Which young people have access to informal mentoring?

Gowdy, G., Miller, D. P., & Spencer, R. (2020). Expanding and deepening our understanding of  which young people are most likely to have an informal mentor. Children and Youth Services Review, 108, 104490. https://doi.org/10.1016/j.childyouth.2019.104490

Summarized by Ariel Ervin

Notes of Interest: 

  • Approximately 50% of young people do not have an informal mentor
  • There’s a lack of research that focuses on identifying the discrepancies between people in mentoring relationships and people who are not in any mentoring relationships
  • The present study aims to better understand which young people are more likely to be in an informal mentoring relationship
  • Data was used from the Panel Study on Income Dynamics (PSID)
    • PSID was a longitudinal study that gathered data, that concerned various things (such as financial security), from 5,000 families 
    • PSID administered a supplementary survey, called the Childhood Retrospective Circumstances Study (CRCS), which examined the childhood experiences of adult PSID participants
  • Findings indicate that an individual’s demographic information, social capital, and family resources influence whether or not that person has a mentor or not
  • This research contributes to the growing literature on young people’s access to informal mentoring 

Introduction (Reprinted from the Abstract)

There has been much enthusiasm in the past decade around informal mentoring (naturally occurring relationships with caring non-parental adults) as a way to promote positive outcomes for young people. This enthusiasm is motivated by empirical studies boasting positive effects and has resulted in intervention development around how to promote these relationships for young people. Both the studies and interventions, however, are restricted by a limited literature base on key differences between mentored and non-mentored young people. This article seeks to contribute to this limited literature by (1) confirming previously-tested attributes with a newly applied database and (2) using social capital to help theorize as to why some young people have this important resource and others do not.
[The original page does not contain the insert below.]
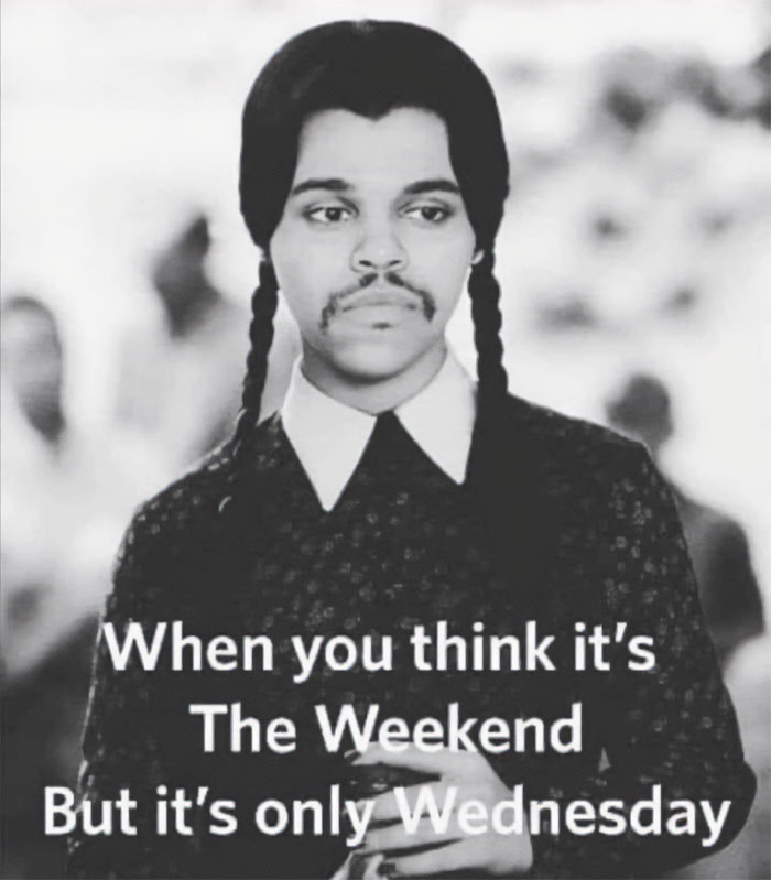 As someone on permanent disability, Wednesday is just another day. I miss the anticipation of waiting for the weekend.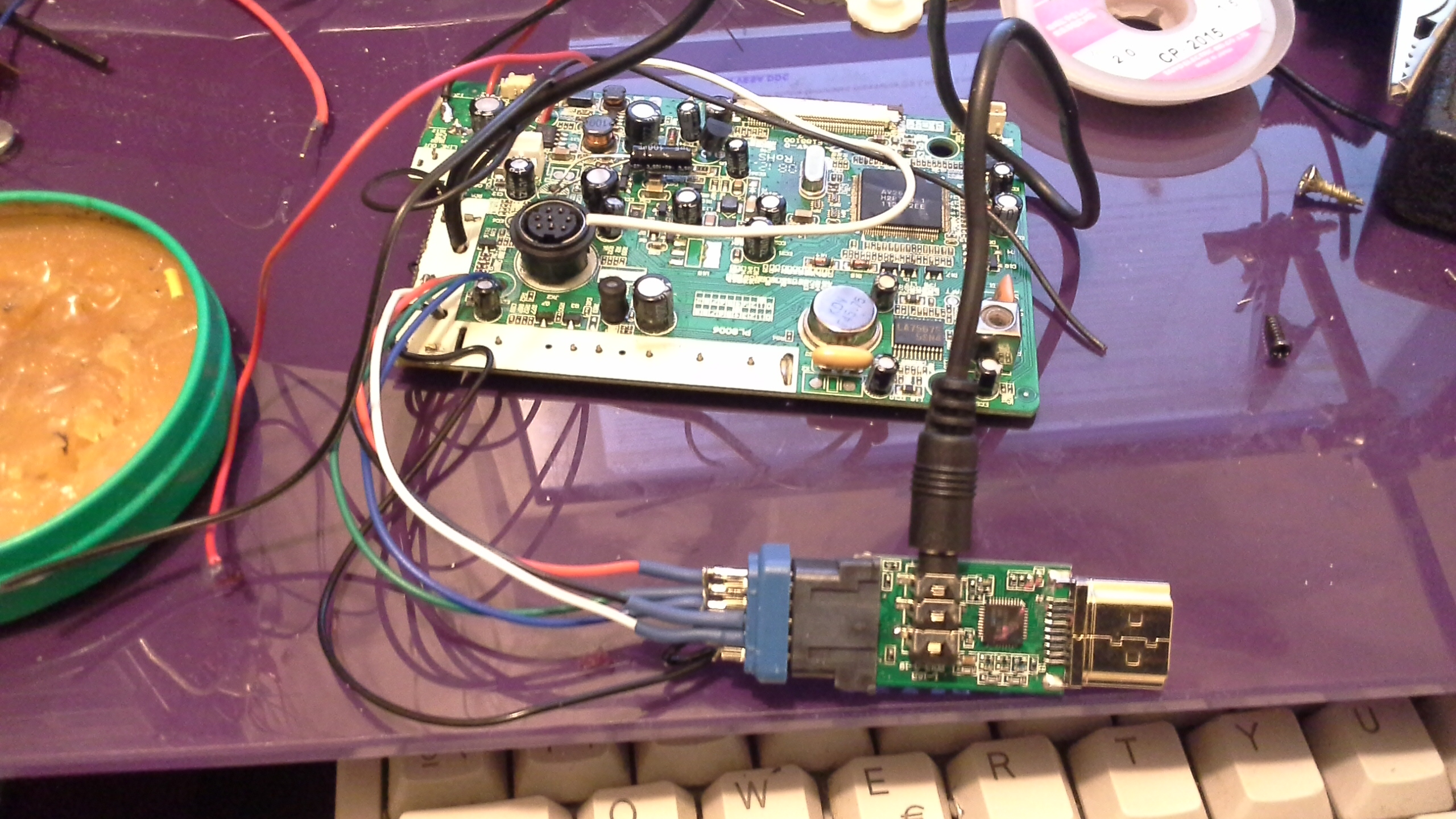 Soldando señales.... en este caso vga... afortunadamente la placa controladora del tv/lcd de 8 oulgadas tiene los test pads de casi todas sus señales asi que soldar los cablecitos no sera problema...

This study uses the Panel Study on Income Dynamics’ Childhood Retrospective Circumstances Study (CRCS) and a series of logistic regressions to find that demographics, family resources, and access to social capital are associated with having a mentor. Implications for both researchers and practitioners are discussed.
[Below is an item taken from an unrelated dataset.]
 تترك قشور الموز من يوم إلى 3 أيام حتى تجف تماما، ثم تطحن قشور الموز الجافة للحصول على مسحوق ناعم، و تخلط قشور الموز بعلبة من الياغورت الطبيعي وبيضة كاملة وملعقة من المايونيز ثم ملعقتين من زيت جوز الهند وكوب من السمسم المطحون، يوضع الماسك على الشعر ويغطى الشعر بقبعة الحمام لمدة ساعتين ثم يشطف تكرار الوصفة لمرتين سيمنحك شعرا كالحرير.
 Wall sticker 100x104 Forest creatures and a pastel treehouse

Implications (Reprinted from the Discussion)

Over two thirds of young people in our study had an informal mentor, a rate notably higher than previous research, that found that around half of young people had informal mentoring (Bruce & Bridgeland, 2014). Our study findings indicate that whether young people have informal mentors is correlated with demographic factors, family resources and access to social capital.

Across all of the uncontrolled and controlled models and across the three dependent variables, non-Hispanic Black younger women, those who raised by their biological mother and a social father, and those who grew up in the South or West were more likely to have an informal mentor. While the finding related to gender is consistent with previous work (Erickson et al., 2009), these other demographic findings are of note. As stated previously, the literature is inconsistent with respect to whether non-Hispanic Black respondents or non-Hispanic White respondents are most likely to have a mentor (see Zimmerman et al., 2005 versus McDonald & Lambert, 2014). Our findings, that non-Hispanic Black respondents have 41% higher odds of reporting a mentor, align with Zimmerman et al.’s work. Future studies should more carefully examine the source of this apparent inconsistency in the literature. Further, our study demonstrates that having a biological mother and social father is associated with a 40% increase in the odds of being mentored, in comparison to those that were raised by both biological parents. It may be the presence of a social parent (father) affords a young person access to a more diverse network of social networks (and thus opportunities for informal mentorship) than would be the case for young people living with two biological parents. This finding suggests that researchers should look more carefully at how they define family structure and the role that particular family structures may play in predicting informal mentorship. Finally, the significant regional variation emphasizes the idea that which young people receive mentorship is not only due to their micro- and mezzo-level contexts, but may also be influenced by broader cultural variations across the country. Future research needs to consider the role of place and how this may matter in establishing these types of helpful relationships with adults.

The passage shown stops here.